_Try it_. Pictures do not belong in the copy; transcribe everything else in the records exactly.
━━━
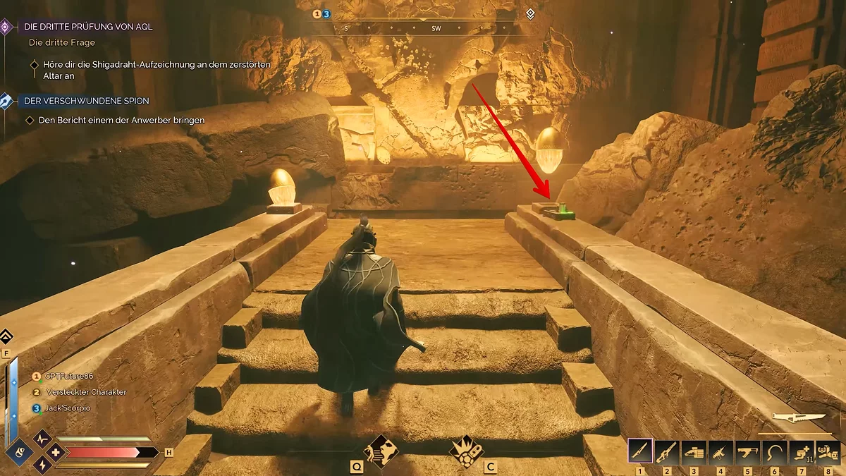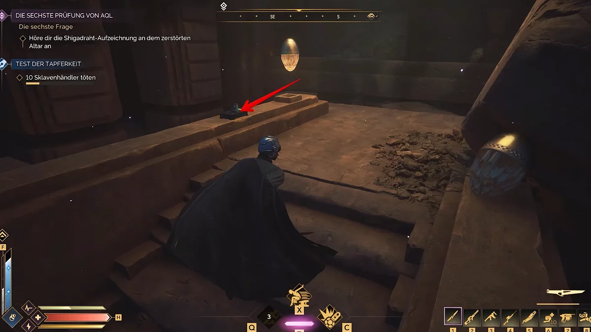 Войдите в пещеру и перебейте всех врагов. Учтите, что среди обычных пехотинцев будет два разведчика и один тяжеловес. Отыщите гробницу в конце локации и прослушайте аудиозапись, что лежит на правом парапете перед руинами святилища.
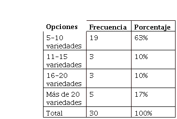 De los Socios encuestados, 19 mencionaron que elaboran de 5 a 10 variedades de dulce, lo que representa el 63% del total de la población, mientras que 3 de ellos respondieron que realizan de 1115 y de 16- 20 variedades de dulces, lo que equivale al 10% y 5 de ellos mencionaron que realizan más de 20 variedades de dulces, lo que representa al 17%. La variedad de dulces depende de la demanda existente y los gustos y preferencias de la misma, por lo cual es importante que los materiales utilizados en su elaboración sean optimizados a fin de cubrir la mayor parte de las expectativas del consumidor final.
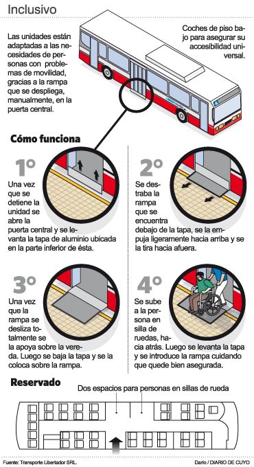 Desde hace unas semanas, algunas empresas de colectivos de corta distancia comenzaron circular con unidades adaptadas para personas que se movilizan en sillas de ruedas. Desde la Dirección de Tránsito y Transporte comentaron que en San Juan ya hay 4 empresas que tienen estos micros y a la vez comentaron que las demás empresas que hay en la provincia se comprometieron a ofrecer este servicio próximamente. “Es para que haya un colectivo por línea”, dijo Luis González, director de Tránsito. Actualmente las unidades para discapacitados que están circulando son 5.
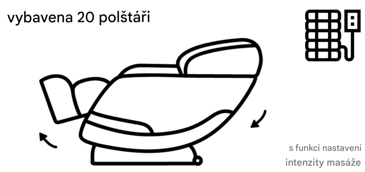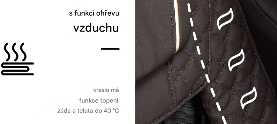 Židle je vybavena možností vyhřívání zad a lýtek , která účinně pomáhá uvolnit napětí a umocňuje zážitek z masáže. Teplo také zmírňuje bolest a stimuluje regeneraci , čímž vytváří ideální prostředí pro úplnou relaxaci po dlouhém dni. Židle je navíc vybavena nastavitelnou opěrkou nohou , která umožňuje každému uživateli – bez ohledu na výšku – najít si nejpohodlnější masážní polohu .
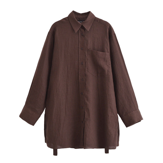 Damer Ăverdimensionerad Skjorta med SlĂ„ende Krage och Fickor Viskosblandning
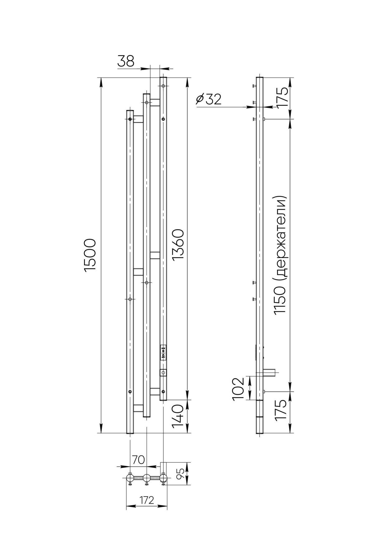 Полотенцесушитель электрический Indigo Sky LSKE150-17Rt 150x17 см хром
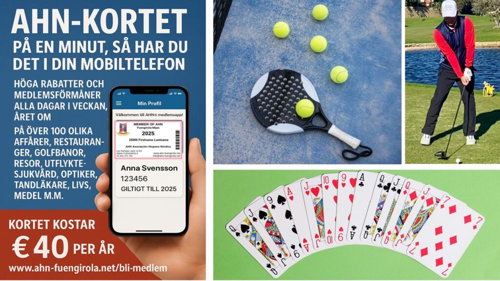 Har nu stängt för säsongen efter en fantastiskt trevlig vår. Nu ser man fram emot att öppna igen i höst, tisdagen den 16 september kl. 12.00, och önskar alla AHN:are och övriga gäster en trevlig sommar. Passa på att bli medlem nu, och utnyttja alla fantastiska förmåner under sommarperioden, och så ni kan vara med när alla övriga aktiviteter drar igång under hösten. https://www.ahn-fuengirola.net/bli-medlem
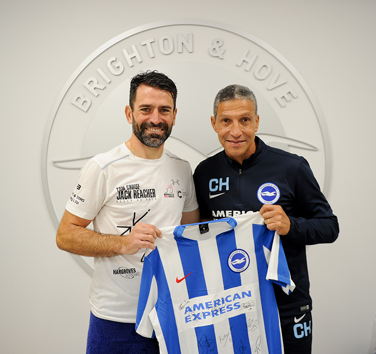 His penultimate leg took him from Reading to Brighton via Crystal Palace where he was met by Chris Hughton and Mark Bright respectively - and now he has just one more stretch to complete.
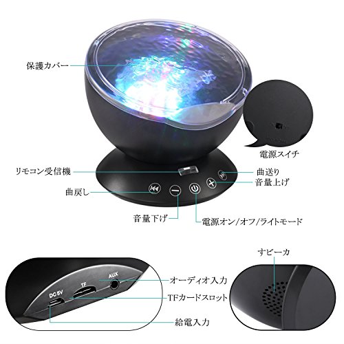 - ♪【音楽プレーヤー】海洋プロジェクターにはスピーカーが内蔵されていますので、付属の3.5mmオーディオケーブルを使用して、TFカードを挿入して音楽を再生したり、iPod、MP3、ラップトップ、携帯電話などに接続できます。楽しい雰囲気の中であなたの好きな音楽をお楽しみください。
━━━
_Solution below_.
 Войдите в пещеру и перебейте всех врагов. Учтите, что среди обычных пехотинцев будет два разведчика и один тяжеловес. Отыщите гробницу в конце локации и прослушайте аудиозапись, что лежит на правом парапете перед руинами святилища.
 De los Socios encuestados, 19 mencionaron que elaboran de 5 a 10 variedades de dulce, lo que representa el 63% del total de la población, mientras que 3 de ellos respondieron que realizan de 1115 y de 16- 20 variedades de dulces, lo que equivale al 10% y 5 de ellos mencionaron que realizan más de 20 variedades de dulces, lo que representa al 17%. La variedad de dulces depende de la demanda existente y los gustos y preferencias de la misma, por lo cual es importante que los materiales utilizados en su elaboración sean optimizados a fin de cubrir la mayor parte de las expectativas del consumidor final.
 Desde hace unas semanas, algunas empresas de colectivos de corta distancia comenzaron circular con unidades adaptadas para personas que se movilizan en sillas de ruedas. Desde la Dirección de Tránsito y Transporte comentaron que en San Juan ya hay 4 empresas que tienen estos micros y a la vez comentaron que las demás empresas que hay en la provincia se comprometieron a ofrecer este servicio próximamente. “Es para que haya un colectivo por línea”, dijo Luis González, director de Tránsito. Actualmente las unidades para discapacitados que están circulando son 5.
 Židle je vybavena možností vyhřívání zad a lýtek , která účinně pomáhá uvolnit napětí a umocňuje zážitek z masáže. Teplo také zmírňuje bolest a stimuluje regeneraci , čímž vytváří ideální prostředí pro úplnou relaxaci po dlouhém dni. Židle je navíc vybavena nastavitelnou opěrkou nohou , která umožňuje každému uživateli – bez ohledu na výšku – najít si nejpohodlnější masážní polohu .
 Damer Ăverdimensionerad Skjorta med SlĂ„ende Krage och Fickor Viskosblandning
 Полотенцесушитель электрический Indigo Sky LSKE150-17Rt 150x17 см хром
 Har nu stängt för säsongen efter en fantastiskt trevlig vår. Nu ser man fram emot att öppna igen i höst, tisdagen den 16 september kl. 12.00, och önskar alla AHN:are och övriga gäster en trevlig sommar. Passa på att bli medlem nu, och utnyttja alla fantastiska förmåner under sommarperioden, och så ni kan vara med när alla övriga aktiviteter drar igång under hösten. https://www.ahn-fuengirola.net/bli-medlem
 His penultimate leg took him from Reading to Brighton via Crystal Palace where he was met by Chris Hughton and Mark Bright respectively - and now he has just one more stretch to complete.
 - ♪【音楽プレーヤー】海洋プロジェクターにはスピーカーが内蔵されていますので、付属の3.5mmオーディオケーブルを使用して、TFカードを挿入して音楽を再生したり、iPod、MP3、ラップトップ、携帯電話などに接続できます。楽しい雰囲気の中であなたの好きな音楽をお楽しみください。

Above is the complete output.